TURNOVER – E allora cosa fare? Questo insieme di fattori ha scombussolato la guida tecnica. Il piano di Rafa Benitez ha perso certezze nel corso della stagione, tante le delusioni e poche le correzioni effettuate. Da un tecnico metodico e scientifico è difficile aspettarsi innovazioni o alternative differenti al copione steso durante una lunga carriera di successi. Per certi versi anche la Roma con lo stesso che ha travolto Garcia, ha vissuto un problema simile. Il francese è ancorato al suo credo calcistico e si è smarrito dopo la partenza di Gervinho per la Coppa d’Africa.
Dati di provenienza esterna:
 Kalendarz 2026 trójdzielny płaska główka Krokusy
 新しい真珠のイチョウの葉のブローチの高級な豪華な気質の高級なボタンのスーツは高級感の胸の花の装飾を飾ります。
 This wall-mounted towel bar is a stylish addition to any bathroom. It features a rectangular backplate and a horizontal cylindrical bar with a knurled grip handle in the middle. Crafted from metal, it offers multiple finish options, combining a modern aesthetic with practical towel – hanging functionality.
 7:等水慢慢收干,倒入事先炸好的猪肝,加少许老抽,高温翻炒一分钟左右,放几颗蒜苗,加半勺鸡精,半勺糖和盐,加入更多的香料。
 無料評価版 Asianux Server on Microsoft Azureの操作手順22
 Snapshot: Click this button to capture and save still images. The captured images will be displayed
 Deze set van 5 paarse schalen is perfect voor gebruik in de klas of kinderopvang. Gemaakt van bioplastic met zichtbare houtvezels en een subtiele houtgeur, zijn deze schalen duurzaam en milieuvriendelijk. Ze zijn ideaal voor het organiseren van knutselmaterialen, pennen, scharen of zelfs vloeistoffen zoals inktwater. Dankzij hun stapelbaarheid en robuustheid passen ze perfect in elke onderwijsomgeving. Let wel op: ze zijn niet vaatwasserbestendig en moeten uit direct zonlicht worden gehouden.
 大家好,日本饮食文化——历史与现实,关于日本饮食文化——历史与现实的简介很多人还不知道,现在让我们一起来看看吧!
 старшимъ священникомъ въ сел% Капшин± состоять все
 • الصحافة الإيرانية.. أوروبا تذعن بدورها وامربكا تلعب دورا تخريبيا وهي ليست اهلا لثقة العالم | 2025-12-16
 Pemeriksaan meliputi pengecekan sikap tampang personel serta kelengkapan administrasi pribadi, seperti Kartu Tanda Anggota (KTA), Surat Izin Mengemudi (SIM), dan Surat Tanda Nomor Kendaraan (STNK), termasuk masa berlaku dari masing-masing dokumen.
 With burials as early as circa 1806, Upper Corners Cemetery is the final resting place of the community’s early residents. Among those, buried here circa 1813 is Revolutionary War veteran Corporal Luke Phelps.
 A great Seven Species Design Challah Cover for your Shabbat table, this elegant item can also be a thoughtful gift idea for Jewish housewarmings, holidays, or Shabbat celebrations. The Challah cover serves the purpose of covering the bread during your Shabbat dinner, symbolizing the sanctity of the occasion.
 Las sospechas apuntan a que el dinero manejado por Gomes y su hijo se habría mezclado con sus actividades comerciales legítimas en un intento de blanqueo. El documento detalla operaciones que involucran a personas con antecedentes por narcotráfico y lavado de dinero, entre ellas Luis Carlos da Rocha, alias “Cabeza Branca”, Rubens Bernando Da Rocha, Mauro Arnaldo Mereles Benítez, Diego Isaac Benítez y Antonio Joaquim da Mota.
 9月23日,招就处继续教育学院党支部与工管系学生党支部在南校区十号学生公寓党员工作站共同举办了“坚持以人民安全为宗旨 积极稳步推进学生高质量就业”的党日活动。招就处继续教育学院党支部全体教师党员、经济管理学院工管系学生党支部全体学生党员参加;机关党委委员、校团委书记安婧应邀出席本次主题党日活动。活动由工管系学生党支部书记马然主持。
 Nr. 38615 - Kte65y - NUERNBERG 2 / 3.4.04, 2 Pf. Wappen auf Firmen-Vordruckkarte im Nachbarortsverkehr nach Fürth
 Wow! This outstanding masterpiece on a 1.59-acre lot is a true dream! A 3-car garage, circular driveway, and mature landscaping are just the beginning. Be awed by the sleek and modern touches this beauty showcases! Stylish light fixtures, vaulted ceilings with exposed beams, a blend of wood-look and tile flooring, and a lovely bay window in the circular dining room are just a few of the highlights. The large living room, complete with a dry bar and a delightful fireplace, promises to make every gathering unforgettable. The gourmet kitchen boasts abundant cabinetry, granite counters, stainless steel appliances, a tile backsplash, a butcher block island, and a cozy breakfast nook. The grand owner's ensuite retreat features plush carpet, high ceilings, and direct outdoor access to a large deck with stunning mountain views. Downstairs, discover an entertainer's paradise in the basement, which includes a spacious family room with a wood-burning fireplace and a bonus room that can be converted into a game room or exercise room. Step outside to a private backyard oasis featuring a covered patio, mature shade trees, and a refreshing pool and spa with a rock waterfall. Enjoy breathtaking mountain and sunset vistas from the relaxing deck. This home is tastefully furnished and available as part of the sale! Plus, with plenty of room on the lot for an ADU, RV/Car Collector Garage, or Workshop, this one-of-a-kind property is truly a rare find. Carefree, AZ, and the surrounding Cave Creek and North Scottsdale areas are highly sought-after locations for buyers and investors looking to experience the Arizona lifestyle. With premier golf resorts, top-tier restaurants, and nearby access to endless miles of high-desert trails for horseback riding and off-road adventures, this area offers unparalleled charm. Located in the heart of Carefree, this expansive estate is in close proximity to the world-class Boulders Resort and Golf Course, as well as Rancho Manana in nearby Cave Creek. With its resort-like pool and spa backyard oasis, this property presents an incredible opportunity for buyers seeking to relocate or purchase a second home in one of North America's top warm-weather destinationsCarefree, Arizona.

Inoltre la filosofia di Benitez  ha sempre dato grande considerazione al turnover e alla necessità di lottare su tre fronti, cosa che il Napoli sta facendo nonostante tutte le difficoltà ed elemento fondamentale per dare alla rosa la giusta mentalità vincente. Qualche errore c’è stato anche da parte del tecnico spagnolo, troppo legato al suo calcio e poco propenso a cambiare nonostante i tanti segnali. Lo spagnolo ha puntato su Gabbiadini sperando nel recupero dei tanti elementi persi per strada, snobbando eventuali elementi da inserire in rosa, è apparso decisivo nelle coppe e non nei match di campionato e ha insistito su alcuni giocatori che probabilmente andavano messi da parte, sconfessando il rigido turnover.

Pecche, errori di valutazioni e  dettagli di una stagione che nonostante tutto è ancora apertissima. Sabato contro la Roma, con tutti gli effettivi a disposizione, una sfida da non fallire per ritornare ad una vittoria che manca in campionato dal 23 febbraio e per iniziare al meglio un aprile di fuoco: dopo la Roma, mercoledì 8 aprile Napoli-Lazio, semifinale di ritorno di Coppa Italia poi Napoli-Fiorentina il 12 aprile, altra partita fondamentale per la rincorsa alla seconda (o terza) piazza, e l’andata dei quarti di Europa League con il Wolfsburg il 16 aprile in Germania.